»»

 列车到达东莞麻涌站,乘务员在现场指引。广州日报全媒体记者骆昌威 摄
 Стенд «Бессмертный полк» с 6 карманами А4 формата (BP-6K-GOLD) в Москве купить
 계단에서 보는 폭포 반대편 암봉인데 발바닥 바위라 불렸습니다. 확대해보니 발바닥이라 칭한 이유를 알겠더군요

««
»»

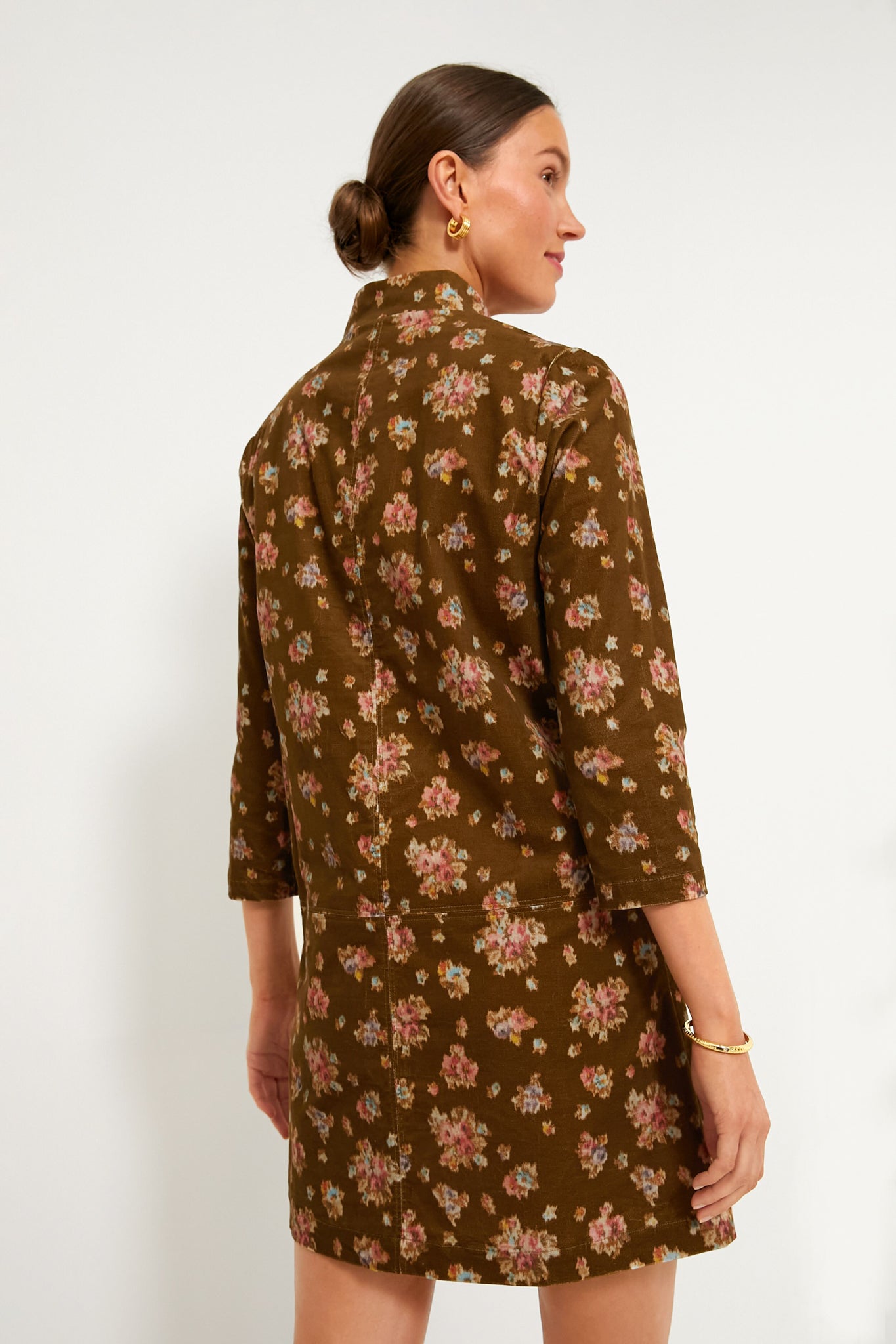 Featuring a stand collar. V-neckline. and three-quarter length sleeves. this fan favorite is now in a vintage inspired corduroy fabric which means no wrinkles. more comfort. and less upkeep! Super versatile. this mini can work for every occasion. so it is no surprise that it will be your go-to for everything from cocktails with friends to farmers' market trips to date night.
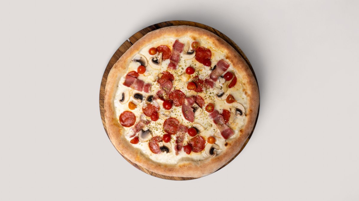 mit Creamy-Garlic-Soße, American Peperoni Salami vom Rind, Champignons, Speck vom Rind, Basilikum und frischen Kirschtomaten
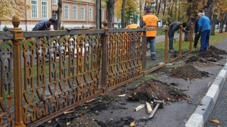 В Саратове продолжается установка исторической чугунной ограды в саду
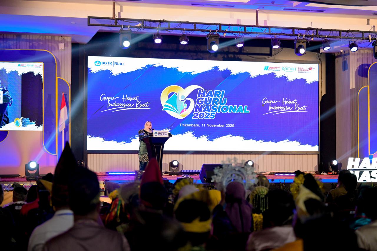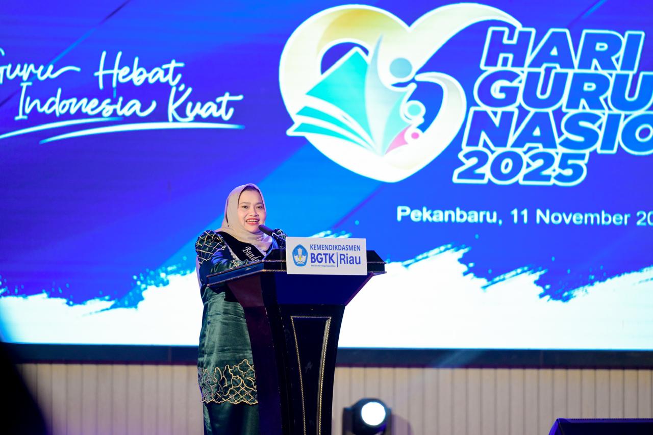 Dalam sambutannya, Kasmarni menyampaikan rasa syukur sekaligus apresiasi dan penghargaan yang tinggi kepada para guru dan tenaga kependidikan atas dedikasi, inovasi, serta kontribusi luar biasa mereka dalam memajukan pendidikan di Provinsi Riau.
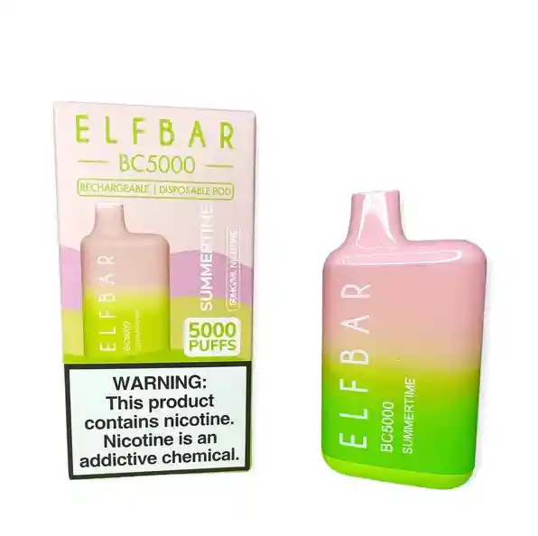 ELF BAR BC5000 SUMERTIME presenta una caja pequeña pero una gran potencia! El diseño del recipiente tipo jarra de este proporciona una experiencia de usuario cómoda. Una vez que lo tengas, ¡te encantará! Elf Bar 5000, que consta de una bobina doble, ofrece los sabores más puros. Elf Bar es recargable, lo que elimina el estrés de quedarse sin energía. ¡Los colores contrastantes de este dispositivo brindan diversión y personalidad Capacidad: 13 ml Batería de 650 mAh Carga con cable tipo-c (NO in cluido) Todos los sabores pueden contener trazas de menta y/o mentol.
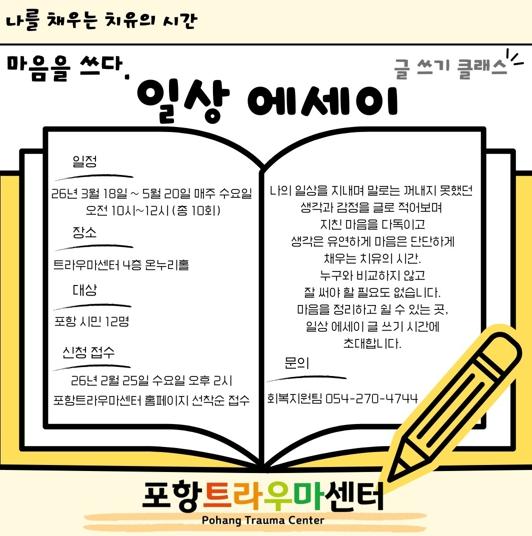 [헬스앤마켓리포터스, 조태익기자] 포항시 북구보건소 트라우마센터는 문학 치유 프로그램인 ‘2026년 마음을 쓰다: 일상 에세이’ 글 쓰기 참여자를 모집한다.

««

*What is expected:* Word for word, restate the lines above from the line containing "列车到达东莞麻涌站,乘务员在现场指引。广州日报全媒体记者骆昌威 摄" through the line containing "계단에서 보는 폭포 반대편", with both included and nothing else.

*Output of the task:*
 列车到达东莞麻涌站,乘务员在现场指引。广州日报全媒体记者骆昌威 摄
 Стенд «Бессмертный полк» с 6 карманами А4 формата (BP-6K-GOLD) в Москве купить
 계단에서 보는 폭포 반대편 암봉인데 발바닥 바위라 불렸습니다. 확대해보니 발바닥이라 칭한 이유를 알겠더군요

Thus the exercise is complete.